Cek Fakta: Bolehkah Pedagang Menolak Pembayaran Tunai?

- Gerai Roti'O hanya menerima pembayaran QRIS, menimbulkan protes konsumen
- Bank Indonesia menegaskan aturan yang melarang penolakan rupiah tunai dalam transaksi di Indonesia
- Penggunaan rupiah masih berlaku baik dalam transaksi tunai maupun nontunai, BI terus dorong perluasan pembayaran non-tunai
Jakarta, IDN Times - Video yang memperlihatkan protes seorang pengunjung terhadap kebijakan pembayaran nontunai di gerai Roti’O di halte Transjakarta Monas ramai diperbincangkan di media sosial.
Video tersebut menyoroti penolakan kasir terhadap pembayaran tunai yang hendak dilakukan oleh seorang perempuan lanjut usia.
1. Pertanyakan gerai yang hanya menerima pembayaran QRIS

Dalam video yang diunggah melalui akun Instagram @arli_alcatraz pada Jumat (19/12/2025), seorang pria bernama Arlius Zebua mempertanyakan kebijakan gerai yang hanya menerima pembayaran menggunakan Quick Response Code Indonesian Standard (QRIS).
Menurut Arlius, kebijakan pembayaran non-tunai tersebut berpotensi menyulitkan sebagian konsumen, khususnya lanjut usia yang belum terbiasa dengan sistem pembayaran digital.

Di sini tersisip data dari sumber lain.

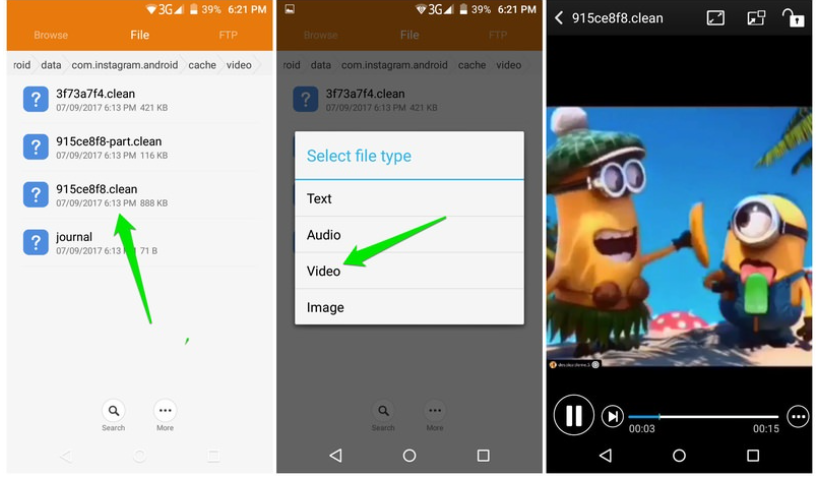 Then open the phone’s File manager and go to android > data > com. instagram. android > cache >videos. You will find all the watched videos and will have a .clean extension. You can click on any and select a video to play them.

Dia menilai transaksi seharusnya tetap dapat dilakukan menggunakan uang tunai sebagai alat pembayaran sah.
Dalam rekaman tersebut, Arlius juga meminta pihak gerai untuk menghubungi manajemen Roti’O guna mendapatkan penjelasan terkait kebijakan pembayaran. Sementara itu, konsumen lanjut usia yang berada di lokasi tampak menyampaikan keluhan karena tidak dapat melakukan pembayaran secara tunai.

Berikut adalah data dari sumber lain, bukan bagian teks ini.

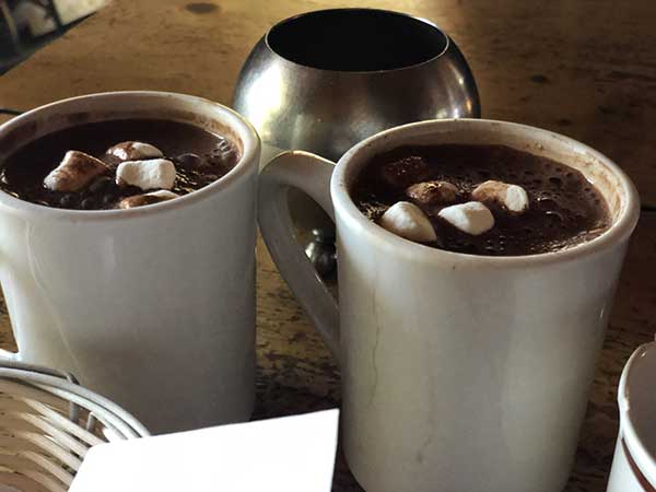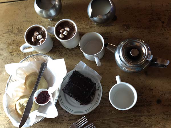 Arrivati alla tea house, tutta in legno, ci sediamo vicino al grande camino e ci riscaldiamo subito: Giulia e Francesco ordinano cioccolata e torta al cioccolato, Enrico ed io tè verde al ginger e biscotti con burro e marmellata (costo circa 30 dollari canadesi, poco più di 20 euro).

Lebih lanjut, Arlius menyatakan keberatan terhadap standar operasional prosedur (SOP) pembayaran non-tunai yang diterapkan di gerai tersebut. Melalui media sosial, dia menyebut akan melayangkan somasi kepada Direktur PT Sebastian Citra Indonesia selaku pengelola merek Roti’O, yang dinilai bertanggung jawab atas operasional dan transaksi penjualan di gerai tersebut.

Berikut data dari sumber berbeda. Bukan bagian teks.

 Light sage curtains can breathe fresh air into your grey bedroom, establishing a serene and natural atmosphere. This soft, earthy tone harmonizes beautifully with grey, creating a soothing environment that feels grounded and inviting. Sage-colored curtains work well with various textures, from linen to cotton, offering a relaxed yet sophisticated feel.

2. Ada aturan dilarang menolak rupiah tunai dalam transaksi

Merespons hal tersebut, Bank Indonesia menegaskan penggunaan rupiah sebagai alat pembayaran di wilayah Negara Kesatuan Republik Indonesia (NKRI) telah diatur secara jelas dalam undang-undang.
Kepala Departemen Komunikasi Bank Indonesia, Ramdan Denny Prakoso, menjelaskan Pasal 33 ayat (2) Undang-Undang Nomor 7 Tahun 2011 tentang Mata Uang mengatur setiap orang dilarang menolak menerima rupiah yang diserahkan sebagai alat pembayaran atau untuk menyelesaikan kewajiban di Indonesia, kecuali terdapat keraguan atas keaslian rupiah tersebut.
"Dengan demikian, ketentuan tersebut mengatur penggunaan mata uang rupiah dalam setiap transaksi di Indonesia," ujar Ramdan dalam keterangan resminya dikutip, Senin (22/12/2025).
3. Rupiah masih berlaku untuk transaksi

Meski demikian, Ramdan menyampaikan penggunaan rupiah dalam sistem pembayaran dapat dilakukan baik melalui instrumen tunai maupun nontunai, sesuai dengan kenyamanan dan kesepakatan para pihak yang bertransaksi. BI juga terus mendorong perluasan penggunaan pembayaran non-tunai karena dinilai lebih cepat, mudah, murah, aman, dan andal.
"Selain itu, transaksi non-tunai dinilai dapat mengurangi risiko peredaran uang palsu," ujar Ramdan.
Namun, Ramdan menegaskan uang tunai masih memiliki peran penting dalam perekonomian nasional. Hal ini mempertimbangkan keragaman demografi serta tantangan geografis dan teknologi di Indonesia, sehingga uang tunai masih dibutuhkan dan digunakan dalam berbagai transaksi di sejumlah wilayah.
BI menilai pengembangan sistem pembayaran nasional perlu tetap mengedepankan prinsip inklusivitas agar dapat melayani seluruh lapisan masyarakat. Dengan demikian, kesimpulannya rupiah tetap merupakan alat pembayaran sah yang tidak boleh ditolak kecuali diragukan keasliannya, sementara pembayaran non-tunai didorong sebagai pilihan untuk meningkatkan efisiensi.